Russia 's Gazprom, the supplier of a quarter of Europe's natural gas, expects the price of crude oil to almost double within 18 months and to take gas prices higher with it.
"We think it will reach $250 a barrel in the foreseeable future," Chief Executive Alexei Miller told reporters at a presentation in France, adding high demand rather than speculation was the primary factor for high hydrocarbon prices.
A spokesman said the company, which is also one of Russia's largest crude producers, expected the price to hit the $250/barrel level sometime in 2009.
Gazprom exports gas to Europe at prices linked to oil products. Miller said the current gas price was $410 per 1,000 cubic metres and Alexander Medvedev, Miller's deputy, said prices were likely to rise to reflect the higher cost of crude.
Analysts said that using the $250/barrel forecast and the conversion factors cited by Medvedev at the presentation, one would arrive at a gas price of $1,500 per 1,000 cubic metres, Reuters reports.

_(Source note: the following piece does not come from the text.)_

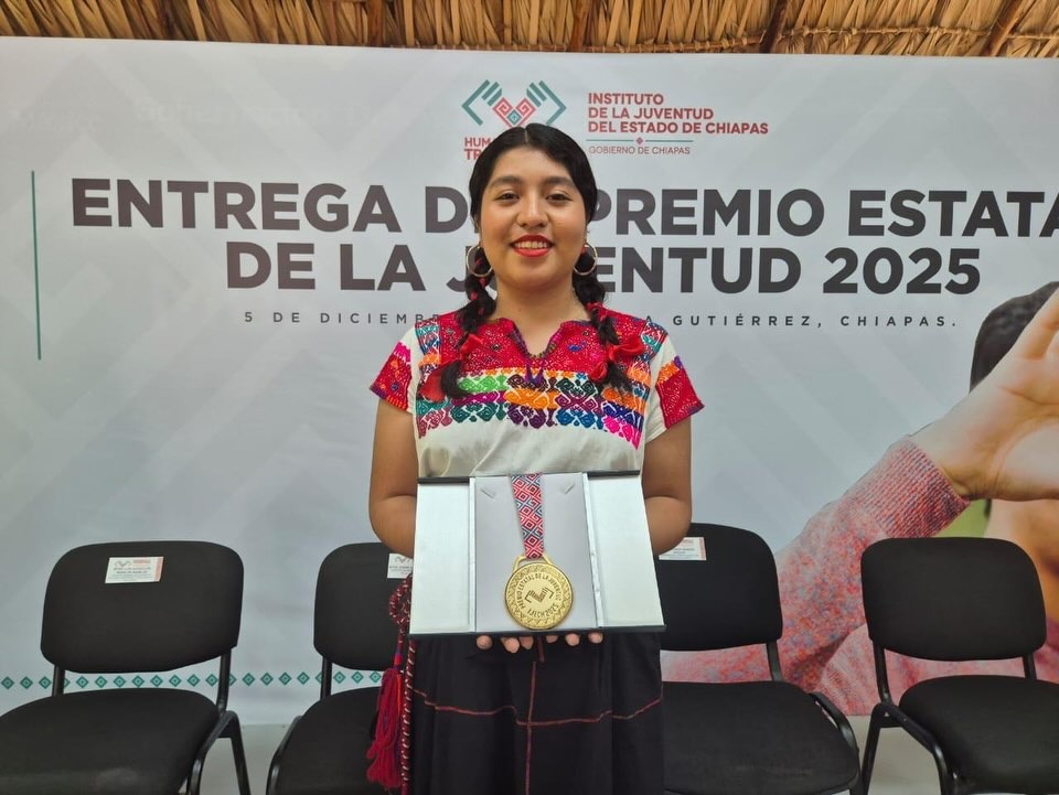 Tuxtla Gutiérrez, Chiapas. – Esmeralda Guadalupe Pérez Chulín, estudiante del Colegio de Estudios Científicos y Tecnológicos del Estado de Chiapas (Cecytech), Plantel número 21 del municipio de Bochil, obtuvo el Premio Estatal de la Juventud 2025 en la Categoría de Expresiones Artísticas y Artes Populares, tras ser reconocida por su cuento “El viaje de Rulo”, distinción que reafirma el talento creativo y académico de la juventud chiapaneca.

"It's crazy ... maybe they know something we don't," said one analyst, who bemoaned the lack of analysis to back up the forecast.
The majority of Gazprom's European customers “insist” on the oil price peg, he said , since it provides stability and sustainability to their long-term contracts. Spot markets in the U.K. and U.S. made sense because those countries covered their own domestic gas demand when trading began, Medvedev said.
Oil for July delivery fell to $131.25 a barrel on the New York Mercantile Exchange at 1:55 p.m., Bloomberg reports.
When asked if $250 a barrel was a reasonable forecast, Jose Sergio Gabrielli, chief executive officer of Petroleo Brasileiro SA, Brazil's state-controlled oil company, laughed.
“This is the $3 billion question,” Gabrielli said at a presentation today in New York sponsored by the Brazil-American Chamber of Commerce. “It is worthless to give you a number. Because it is going to be wrong.”
Gazprom's gas delivery prices for Europe have reached $410 per 1,000 cubic meters, the Russian energy giant's CEO said on Tuesday.
"Today, the average price of our deliveries to Europe has reached $410," Alexei Miller told the European Business Congress in France.
Miller also said that there had been a number of comments from Europe proposing a diversification of energy supplies.
"Europe's desire to diversify energy sources is understandable. But it seems that such statements are based on the somewhat strange idea that any alternative is preferable to Russian energy supplies. This flawed viewpoint cannot be justified," he said.
The bulk of Russia's gas supplies to the European Union, which account for one quarter of the 27-nation bloc's consumption, run through Ukraine. A gas pricing dispute with Ukraine at the start of 2006 prompted Russia to briefly cut supplies off to the former Soviet republic. Europe-bound exports were also affected.
Miller also said Slovenia could take part in the South Stream project to build a European gas pipeline, RIA-Novosti reports.